Consider a game where you flip a coin until you get 2 heads in a row.

Let X be a random variable that counts the #of tails.

1. What is the distribution of X?
2. If you win X dollars, how much should you pay for this to be a fair
game?(Expected value = 0)

The answer to question 2 is fairly simple.  Let ET be the expectation
of the game (Assume we are paid $1 for each tail until two heads in a
row occur.)  Let EH be the expectation of the game if the first coin
toss is a head.  Obviously,

ET = 1/2*("Expectation given that the first coin toss is a head") 
   + 1/2*("Expectation given that first coin toss is a tail").

Notice that if the first coin is a tail then the total expectation for
the game is 1 + ET.  So

(A) ET = 1/2*EH + 1/2*(1+ET).

If the first coin toss is a head, then two things can happen.  1)
Another head is tossed and the game ends with zero payoff.  2) A tail
is tossed after the original head toss and the expectation for the
player is 1+EH.  So

(B) EH = 1/2*0 + 1/2*(1+ET).

Substituting the expression for EH in (B) into equation (A) yields

ET = 1/2*1/2*(1+ET) + 1/2*(1+ET).

Solving for ET yields

  ET = 3/4 + 3/4*ET
4*ET = 3 + 3*ET
  ET = 3.

So the expectation for the game is 3.  

Question 1 is harder.  I expect the answer involves the Fibbinocci
sequence.  See "An Introduction to Probability Theory and its
Applications" by Feller 1968 Vol 1, Chapter 8, section 7, pages
322-326 of the Third Edition.

For another source of information goto www.twoplustwo.com probability
forum.  There were at least two threads discussing sucessive coin
tosses.  See
"Great problem solved - original material" posted on 07/12/03 06:34
PM.

The distribution of X can be found by analyzing the following equation

(A) p(i) = 1/2*pt(i) + 1/4*pht(i) + 1/4*phh(i)

where p(i) is the probability that X will equal i, pt(i) is the
probability that X will be i given that the first coin toss was tails,
pht(i) is the probability that X will be i if the first two coin
tosses are heads then tails, and phh(i) is the probability that X is i
given that the first two coin tosses are two heads.  Equation (A) is
true because all sequences of coin tosses begin with T, HT, or HH with
probabilities 1/2, 1/4, and 1/4 respectively.

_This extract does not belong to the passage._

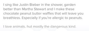 Instead, talk about what makes you unique. Showcase your personality. If you have deal breakers list them in a fun way. If you want emotionally stable men, say that you want a guy who still calls his mom every once in a while instead of writing ONLY EMOTIONAL STABLE MEN.

We can express the right hand side of (A) in terms of p to get a
recurrence relation.  First

(B) pt(i) = p(i-1)

because i is the number of tails.

(C) phh(i) = 0 if i > 0  because the game ends on the second toss.

(D) pht(i) = p(i-1) also.  

Substituting (B), (C), and (D) into (A) yields:


    p(i) = 1/2*p(i-1) + 1/4*p(i-1) + 0  
(E) p(i) = 3/4*p(i-1)                  

for i>0.  The only way that X can be zero is two heads in a row, so 

p(0) = 1/4.

If we repeatedly use (E) to generate the other values for p we get

p(i) = 1/4*(3/4)^i  =  P(X=i)

That is the distribution of X and the answer to for question 1.